“İçtihat Metni”

MAHKEMESİ :FİKRİ VE SINAÎ HAKLAR HUKUK MAHKEMESİ
TÜRK MİLLETİ ADINA

Taraflar arasında görülen davada … . Fikri ve Sınaî Haklar Hukuk Mahkemesi’nce verilen 14/07/2016 tarih ve 2015/75-2016/151sayılı kararın Yargıtayca incelenmesinin davalı vekili tarafından istenildiği ve temyiz dilekçesinin süresi içinde verildiği anlaşılmış olmakla, dava dosyası için Tetkik Hakimi … tarafından düzenlenen rapor dinlendikten ve yine dosya içerisindeki dilekçe, layihalar, duruşma tutanakları ve tüm belgeler okunup, incelendikten sonra işin gereği görüşülüp, düşünüldü:

Davacının İddia ve Görüşleri


Davacı vekili, müvekkilinin “…”, “…”, “…” ve “…” markalarının dünya çapındaki tek sahibi olduğunu, markalarının uzun süredir koruma altında olduğunu, yaptıkları araştırmada davalı adına … nezdinde 2013/68037 sayılı “…”, 2013/68146 sayılı “…”, 2013/68021 sayılı “…”, 2013/68043 sayılı “…” markalarından haberdar olduklarını, bu markaların müvekkilinin gerçek hak sahibi olduğu markaları üzerindeki haklarını ihlal ettiğini, kötü niyetle ve müvekkilinin markalarından haksız menfaat sağlamak amacı taşıdığını ileri sürerek markanın hükümsüzlüğüne karar verilmesini talep ve dava etmiştir.

Davalının İddia ve Görüşleri


Davalı vekili, dava şartı olan ihtarname tebliğ edilmediğinden davanın reddine karar verilmesi gerektiğini, markaya tecavüz iddiasında bulunan tarafın öncelikle bu tecavüzün olup olmadığını, varsa son verilmesini bir ihtarname ile tebliğ etmesi gerektiğini, davanın hak düşürücü süre içinde açılmadığını, davacının davasını dayandırdığı 7/1-i düzenlemesinin Anayasa’ya aykırı olduğuna karar verildiğini, davacı tarafın dayanak yaptığı hukuk düzenlemenin ortadan kalktığını, tescilli hakkı bulunan müvekkilinin hukuki koruma görmesi gerektiğini savunarak davanın reddini istemiştir.

Yerel Mahkeme Kararı


Mahkemece tüm dosya kapsamına göre; davacının davasına dayanak yaptığı 556 sayılı KHK m. 7/1-i hükmünün Anayasa Mahkemesi’nce iptal edildiği, somut uyuşmazlığa uygulanma imkânının bulunmadığı, hükmün dava açıldığı tarihte yürürlükte olması nedeniyle irdelenmesi durumunda düzenlemede yer alan “tanınmış marka” kriterinin davacının davaya mesnet yaptığı … ibareli markası açısından ispat edilemediği, davacının dava konusu davalı markasının başvuru tarihi olan 06.08.2013 tarihinden önce … markası üzerinde Dezenfektanlar, antiseptikler (mikrop öldürücüler), tıbbi amaçlı deterjanlar. malları için 556 sayılı KHK m. 8/3 anlamında öncelikli hak sahibi olduğu, davalının davacının markalarının Türkiye’deki tescillerini engelleme gayesiyle aynı gün içinde yaptığı ayrıt edilemeyecek kadar benzer markalar arasında yer alan dava konusu 2013/68043 tescil numaralı … marka başvuru açısından kötü niyetli olduğu ve markanın tümden hükümsüzlüğü gerektiği gerekçesiyle davanın kabulüne karar verilmiştir.

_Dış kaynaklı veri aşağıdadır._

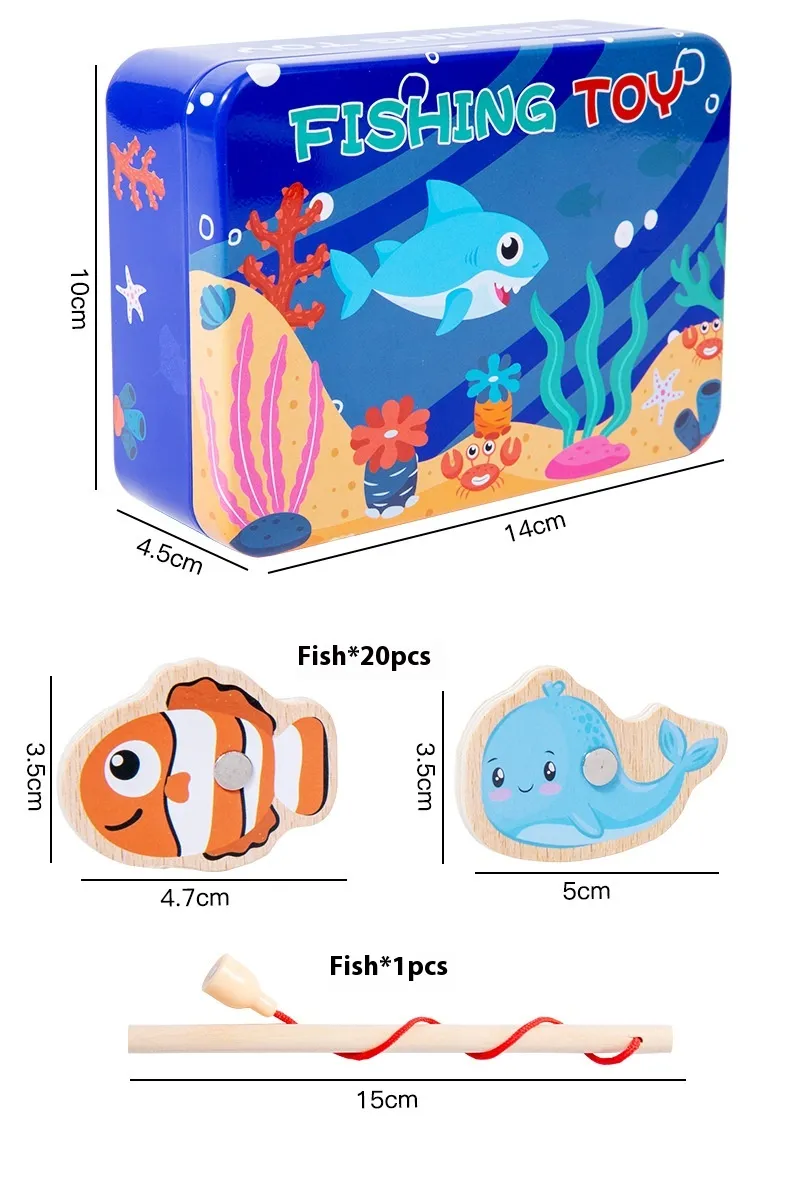 The Children's Magnetic Fishing Toy Iron Box Wooden Baby Brain and Intelligence Suit is the perfect combination of fun and learning for young children. This interactive toy set is designed to engage your little one’s imagination, enhance their cognitive skills, and promote hand-eye coordination—all while offering hours of playful entertainment. Featuring a magnetic fishing game, colorful fish, and a sturdy iron box for storage, this toy is ideal for toddlers and preschoolers looking to enjoy a hands-on activity that also encourages brain development.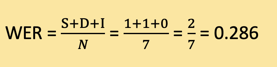 Therefore, the Word Error Rate for this example is approximately 0.286 or 28.6%. This means that out of the total words in the reference text, around 28.6% were either substituted or deleted in the recognized text.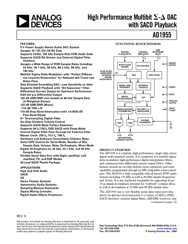 AD1955 High Performance, Multibit Sigma-Delta DAC with SACD Playback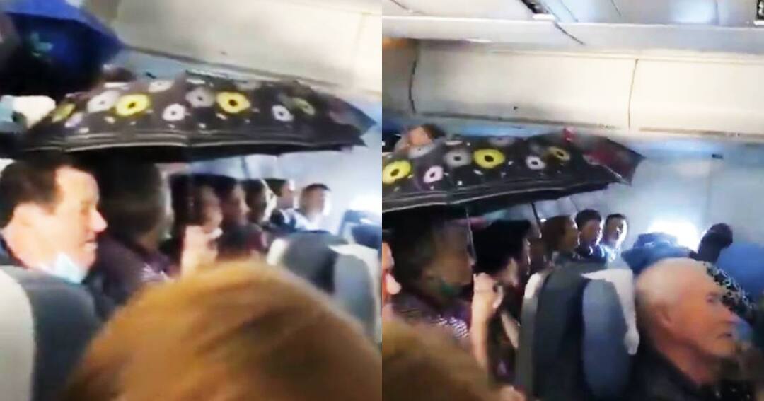 ਕੱਚੇ ਕੋਠੇ ਦੀ ਛੱਤ ਵਾਂਗ ਚੋਣ ਲੱਗਾ ਜਹਾਜ਼ 'ਚੋਂ ਪਾਣੀ, ਲੋਕਾਂ ਨੇ ਖੋਲ੍ਹ ਲਈਆਂ ਛੱਤਰੀਆਂ, ਵੇਖੋ ਕਮਾਲ ਦੀ ਵੀਡੀਓ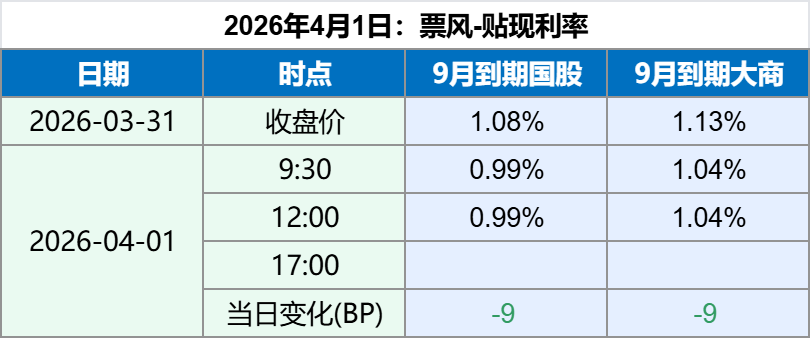 2026年4月1日,早盘票据贴现利率大幅下行,上午维持,最新票据贴现利率如下:
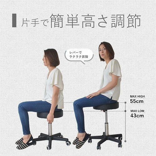 昇降レバーで簡単調節、定番の昇降スツールです。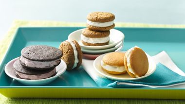 Espolvorea las galletas picadas y media taza de chispas de chocolate sobre el helado de cereza; oprime ligeramente. Extiende helado de vainilla sobre la parte superior. Sirve pequeñas cucharadas del glaseado de fudge sobre el helado; forma remolinos en el helado. Espolvorea con la media taza restante de chispas de chocolate; presiona ligeramente. Congela aproximadamente 8 horas, hasta que esté firme.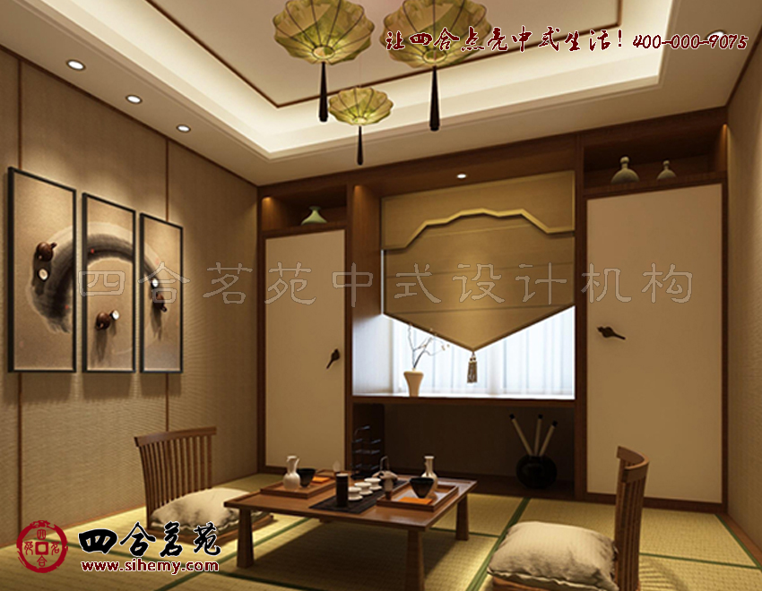 茶與禪總是會被聯系到一塊,所以茶室的設計著重在一個“空”上。席居的設計有效利用空間,在功用上對人們的腰椎、脊椎都有頗好的保健作用。于其上設置低矮的木質桌椅也增加空間的“透”。素白的推拉門扇,水墨的寫意掛壁,都為空間中增添一抹“不可言傳只可意會”的微妙體會。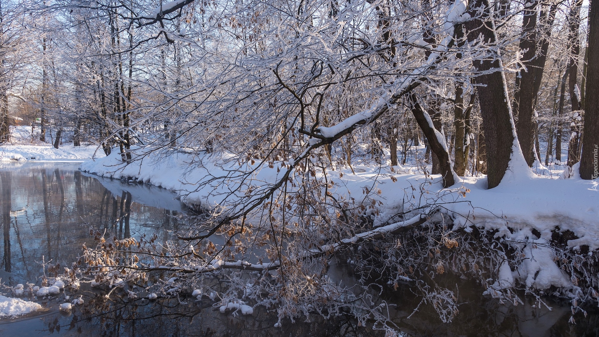 Edytor tapety: Ośnieżone gałęzie nad rzeką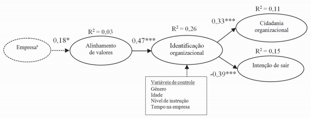 Conforme esperado, o alinhamento de valores teve um efeito positivo e estatisticamente significante na identificação organizacional (βAV-ID = 0,47; p < 0,001), dando suporte empírico a H1. A identificação organizacional teve uma influência direta e positiva no comportamento de cidadania organizacional (altruísmo) e na intenção do funcionário de sair da empresa (transferência). O efeito estimado da identificação no altruísmo foi positivo e estatisticamente significante (βID-CO = 0,33; p < 0,001), e o efeito estimado da identificação na intenção de transferência foi negativo e estatisticamente significante (βID-IS = -0,39; p < 0,001). Dessa forma, conclui-se que as hipóteses H2 e H4 obtiveram suporte empírico no estudo. O alinhamento de valores também apresentou efeitos indiretos similares e significantes nas variáveis cidadania organizacional e intenção de sair da empresa (βAV-IO-CO = 0,15; βAV-IO-IS = -0,17; p < 0,001), assim confirmando as hipóteses H3 e H5. Observou-se, desse modo, que o efeito do alinhamento de valores nos comportamentos de interesse se dão por via da maior identificação organizacional dos funcionários com suas respectivas empresas.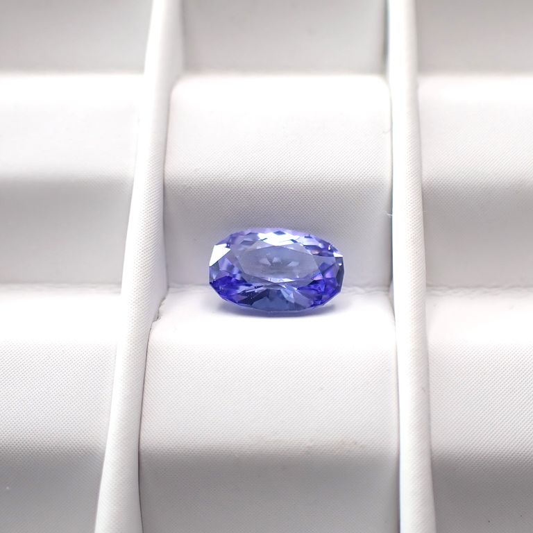 一般的にブルーのゾイサイト(タンザナイト)は加熱が施されていることの多い宝石です。もともと含まれていたバナジウムが加熱されることによってブルーの色が顕著に発現するようになるという特性を生かした手法で、褐色がかった結晶を加熱することで美しいバイオレットからブルーに変わります。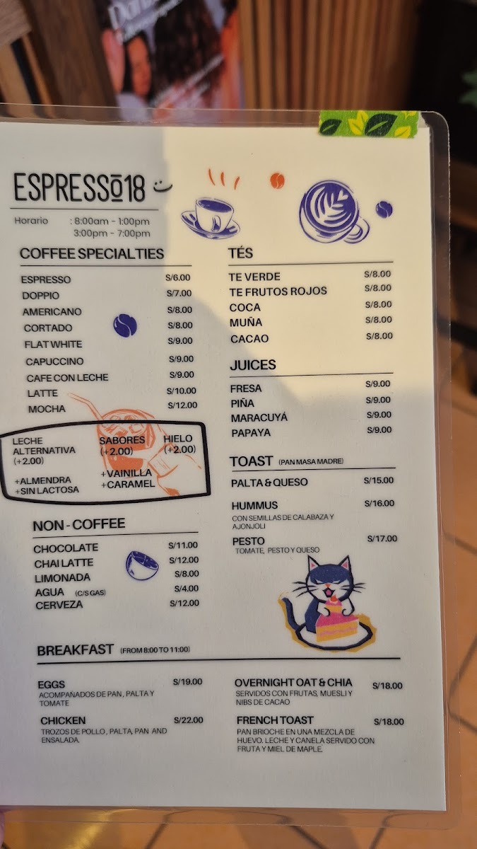 Introducing Espresso 18: Nestled at C. Tandapata 649 in the heart of Cusco, Espresso 18 is a delightful haven for coffee lovers and food enthusiasts alike. This charming coffee shop captivates with its stunning views from the top floor, ideal for unwinding while savoring quality brews.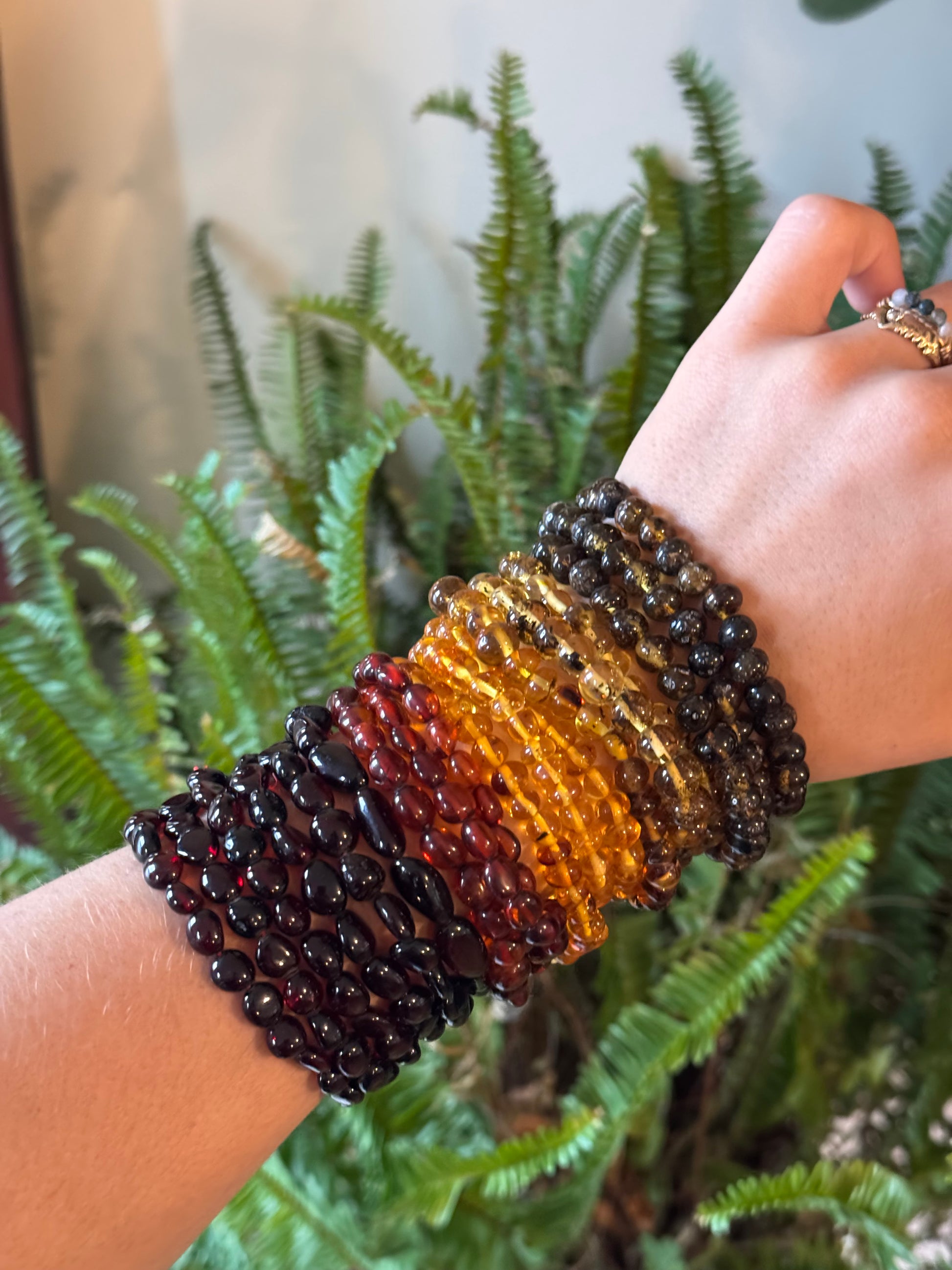 New Amber Bracelets available for a limited time only! Sold in singles to mix and match your next stack! Free replacement string available for your well worn friends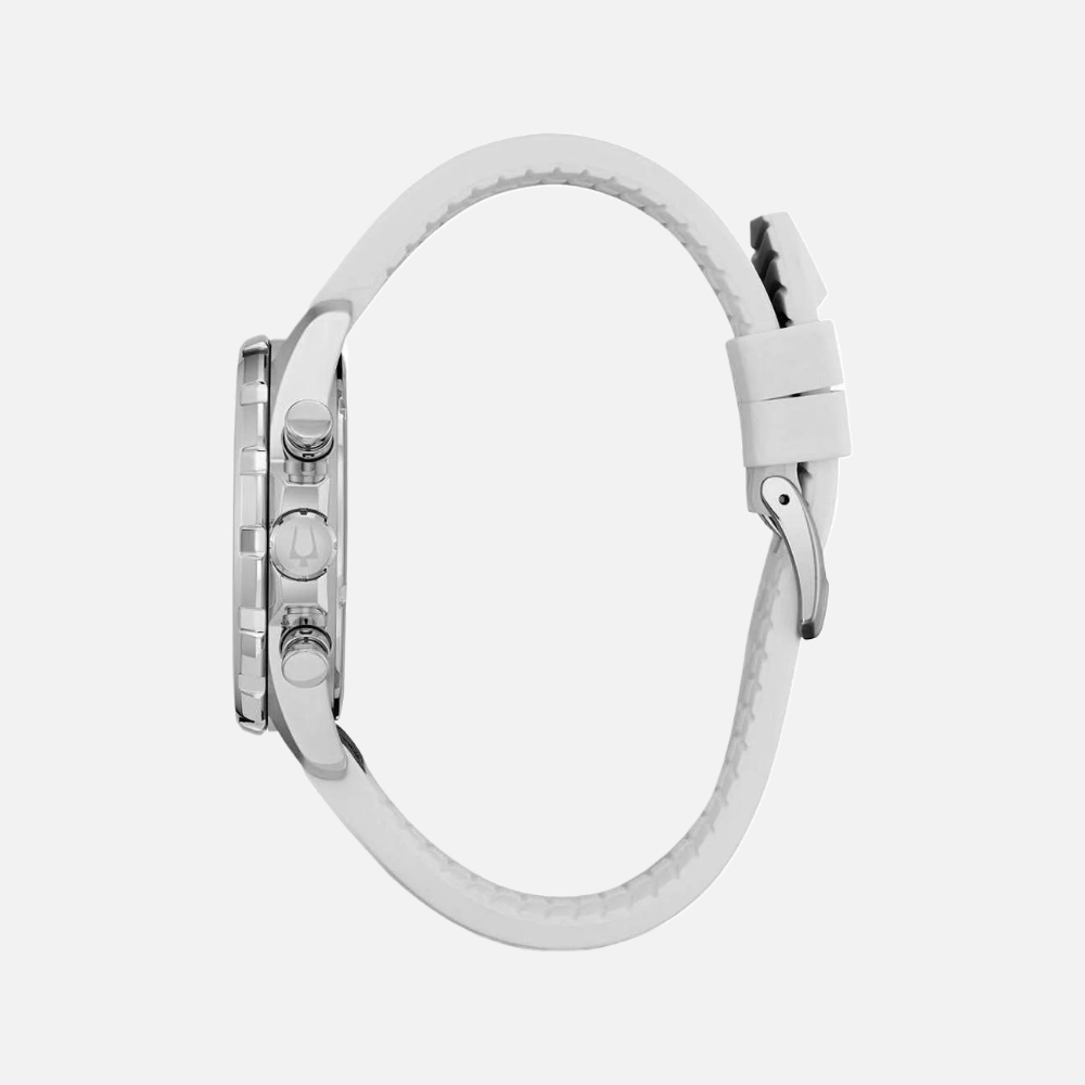 The Bulova Marine Star Chronograph Blue Dial Men’s Watch (SKU: 96B287) is a masterpiece of modern watchmaking. Crafted with a stainless steel case and adorned with a white silicone strap featuring a blue leather inlay, this watch offers an exquisite blend of style and durability. The uni-directional rotating bezel in silver-tone adds a touch of sophistication, making it not just a timepiece, but a statement.
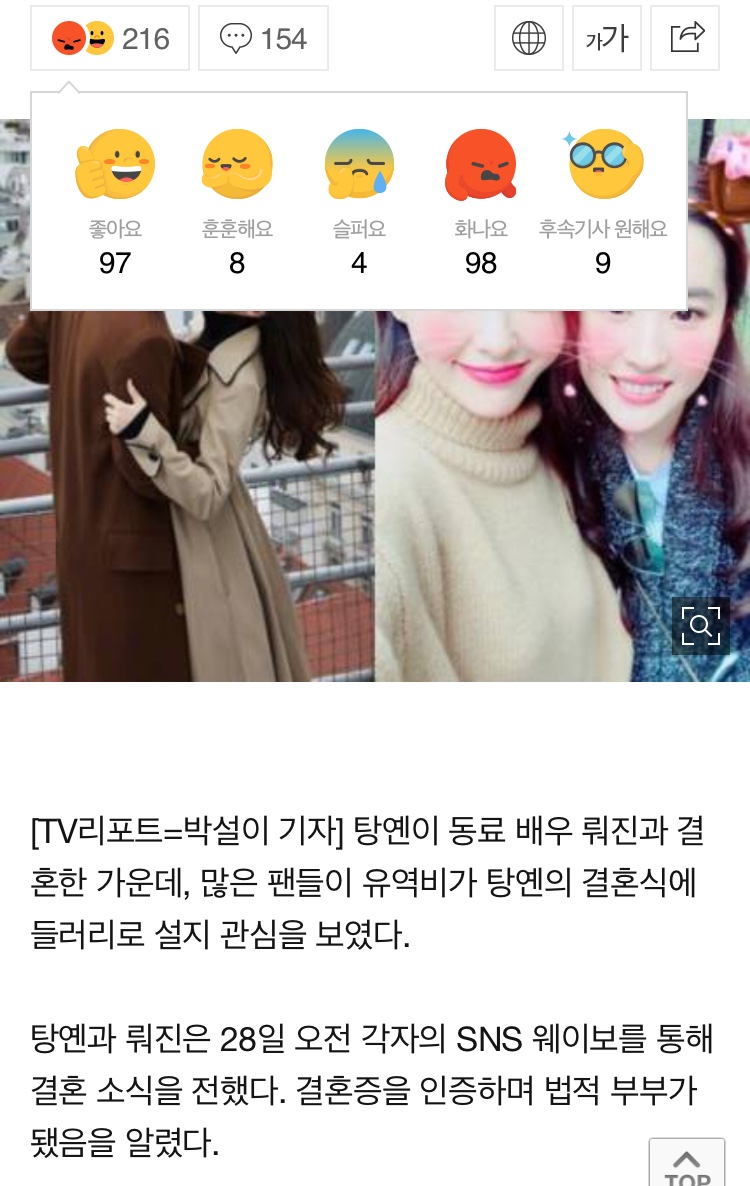 Ngày 28/10 vừa qua, phương tiện truyền thông cũng như hàng chục tờ báo lớn nhỏ Hàn Quốc cập nhật những báo cáo liên quan đến hôn lễ của hai ngôi sao Trung Quốc - Đường Yên và La Tấn. Từ bộ ảnh cưới, địa điểm tổ chức, quy tắc tham dự cho đến dàn khách mời và thậm chí thông tin đồng nghiệp bận bịu công việc đành phải chúc mừng cặp đôi qua mạng xã hội Weibo. Tuy nhiên, do những bài báo phủ sóng trên các cổng thông tin và đặc biệt trên trang web chính thống nổi tiếng Naver với số lượng xuất bản “khủng khiếp”, nên đã khiến cư dân mạng địa phương bày tỏ sự giận dữ và khó chịu.

Kararı, davalı vekili temyiz etmiştir.

Yargıtay Kararı


Dava dosyası içerisindeki bilgi ve belgelere, mahkeme kararının gerekçesinde dayanılan delillerin tartışılıp, değerlendirilmesinde usul ve yasaya aykırı bir yön bulunmamasına göre, davalı vekilinin tüm temyiz itirazları yerinde değildir.


SONUÇ:

Yukarıda açıklanan nedenlerden dolayı, davalı vekilinin bütün temyiz itirazlarının reddiyle usul ve kanuna uygun bulunan hükmün ONANMASINA, aşağıda yazılı bakiye 6,70 TL temyiz ilam harcının temyiz edenden alınmasına, 02/10/2018 tarihinde oybirliğiyle karar verildi.